Imperial Chinese history is marked by the rise and fall of many dynasties and occasional periods of disunity, but overall the age was remarkably stable and marked by a sophisticated governing system that included the concept of a meritocracy. Each dynasty had its own distinct characteristics and in many eras encounters with foreign cultural and political influences through territorial expansion and waves of immigration also brought new stimulus to China. China was a highly literate society that greatly valued poetry and brush-written calligraphy, which along with painting, were called the Three Perfections, reflecting the esteemed position of the arts in Chinese life. Imperial China produced many technological advancements that have enriched the world, including paper and porcelain.
The Admonitions of the Instructress to the Court Ladies (The Admonitions Scroll). Traditionally attributed to Gu Kaizhi (c. 344–406). Painting on silk with ink and colors, China.
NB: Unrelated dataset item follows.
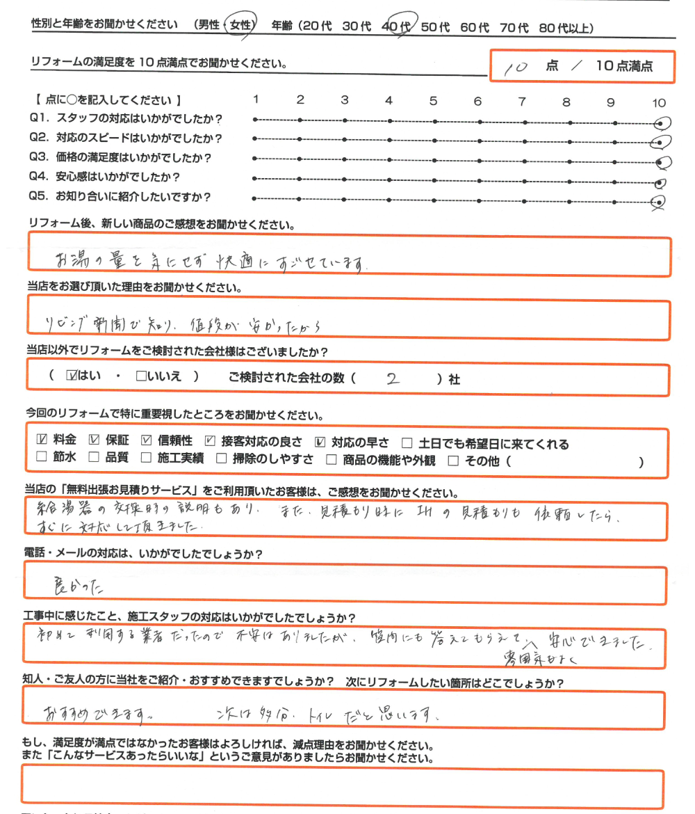 直筆のアンケートリフォーム情報施工日:2020年11月5日場所:加西市リフォーム内容:エコキュート・IH交換使用したモデル:お客様情報性別・年齢:女性(40代)リフォームの満足度10点/10点満点中アンケートの内容リフォ ...

A work of the 6th to 7th century, © Trustees of the British Museum
"The Admonitions of the Instructress to the Court Ladies," The Admonitions Scroll. Traditionally attributed to Gu Kaizhi (c. 344–406). Painting on silk with ink and colours, China, a work of the 6th to 7th century © Trustees of the British Museum

Confucianism, Daoism and Buddhism

Confucianism, Daoism and Buddhism were the dominant teachings or religions in Imperial China and most individuals combined all three in their daily lives. Each of these teachings is represented by paintings in The British Museum, most notably by The Admonitions Scroll after Gu Kaizhi (image above) and the cache of Buddhist scroll paintings from the eighth to tenth century that had been rolled up and sealed away in the eleventh century in Cave 17 at Dunhuang’s Caves of the Thousand Buddhas (discussed in this tutorial).